Money & Banking

Virus seen adding $100 b to credit costs of Asian banks

Bloomberg March 10 | Updated on March 10, 2020

The coronavirus outbreak will add $100 billion in credit losses to banks in the Asia-Pacific region this year with Chinese lenders bearing the brunt of the damage, according to S&P Global. “Some activity will be lost forever,” Shaun Roache, S&P’s Asia-Pacific chief economist, wrote in a note on Tuesday. “We estimate an income loss of about $211 billion, which will blow a hole in balance sheets across the region.”

The ability of Asian lenders to weather the coronavirus outbreak, which now has claimed more than 3,900 lives worldwide, has larger implications for the global financial system.

Asia accounts for a bigger share of pretax banking profits than any other region, according to a report from McKinsey & Co.
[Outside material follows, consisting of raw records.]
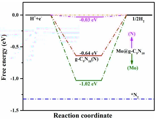 Calculated Gibbs free energy diagram of H atom and N2 molecule adsorbed on the Mo@g-C9N10 matrix. *N2 represents N2 molecule chemisorbed to the substrate binding site.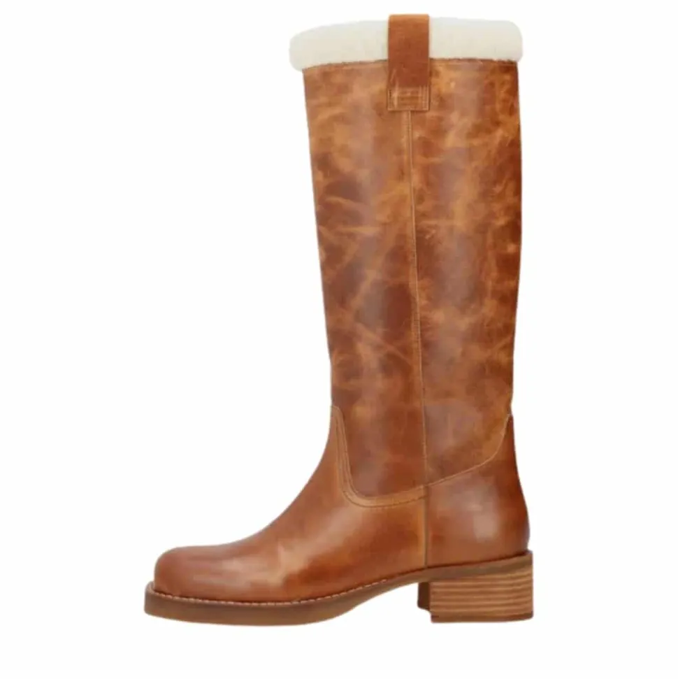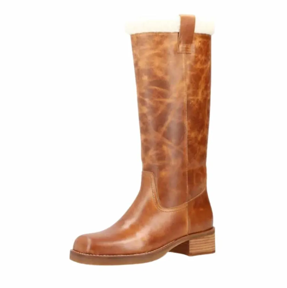 Phenumb Copenhagen Cameron Warm lang støvle til dame i cognac. Denne flotte og elegante støvle er perfekt til dig, der ønsker et tidløst design. Overdelen er lavet af læder, som gør at støvlen bliver smukkere med tiden. Indvendigt finder du en varm foring, der giver komfort på kolde dage. Den firkantede snude tilfører et moderne touch, mens blokhælen på 5 cm giver et elegant løft. Støvlen kan nemt kombineres med enhver garderobe.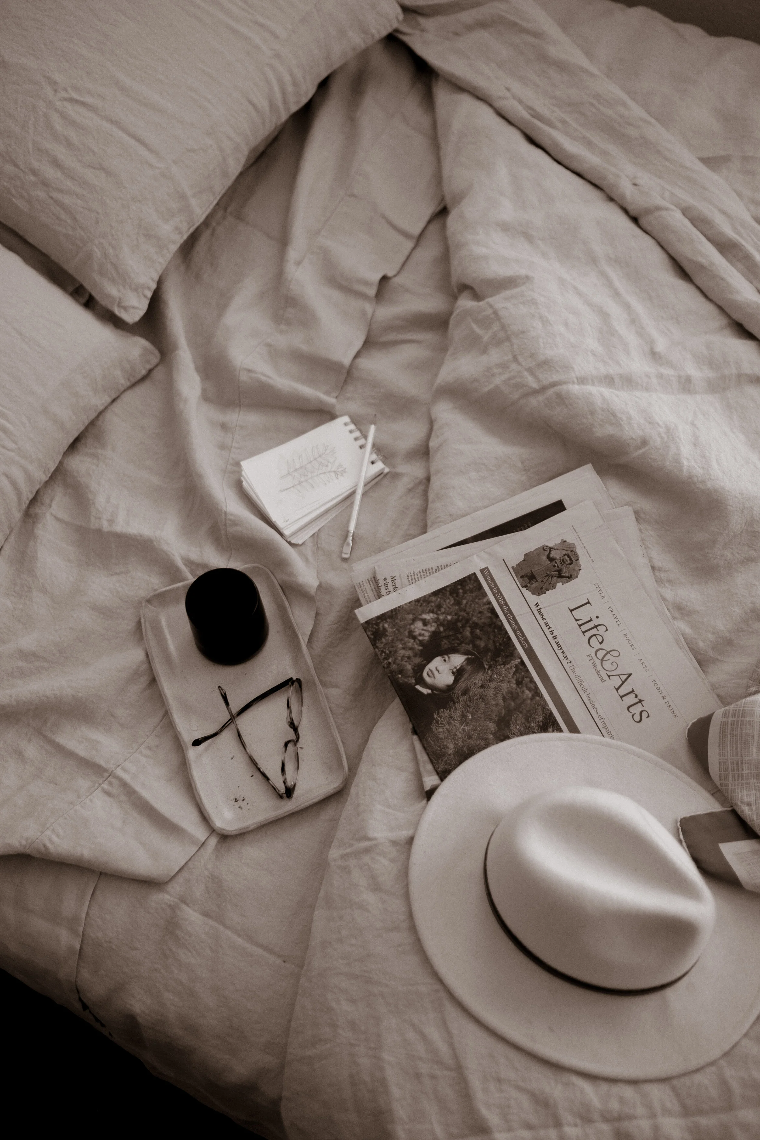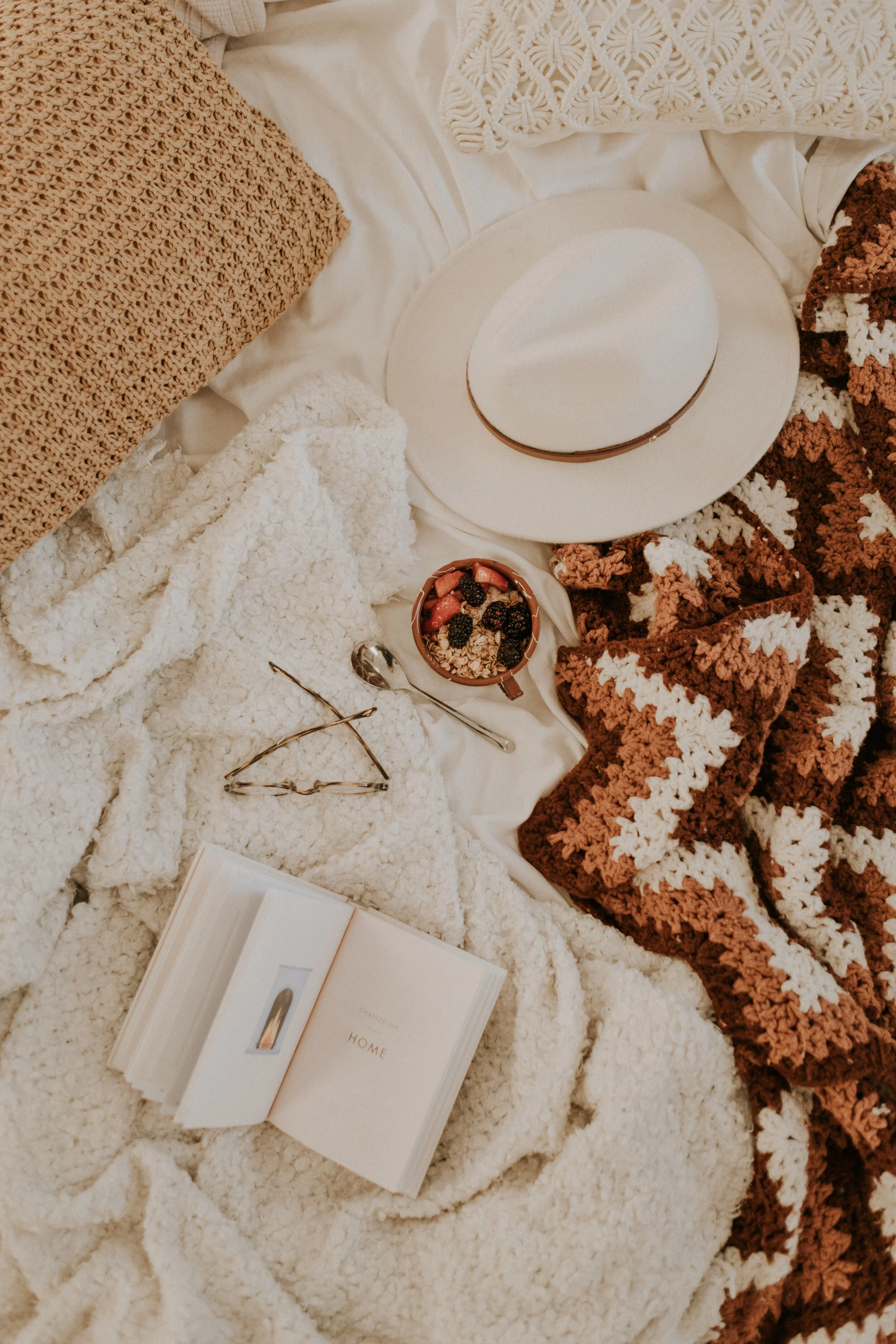 I love styling cozy scenes on my bed because there’s an effortless story to be told in this location, with lots of peaceful vibes. I always make sure to mess up the covers just a bit to create some movement and variety in a photo, and to include a hard surface under any coffee or tea so I don’t spill it on my sheets by accident!

The Covid-19 crisis will likely exert sharp, short-term pressure on Chinese banks, and almost a quarter of the ratings and outlook on the Chinese property sector may come under pressure, S&P said in the report.

Economic impact

“China’s regulatory response so far has been to use the banking system to cushion the economic impact of the epidemic and provide financing to entities crucial to medical support and containment of the virus,” said S&P credit analyst Harry Hu. “Banks may need to sacrifice near-term commercial interests, straining institutions already facing capital pressure.”

While Beijing has asked banks to step up support, it has also acted to mitigate the chaos. Authorities are now allowing the nation’s lenders to delay recognising bad loans from smaller businesses, giving temporary reprieve to trillions of yuan of debt.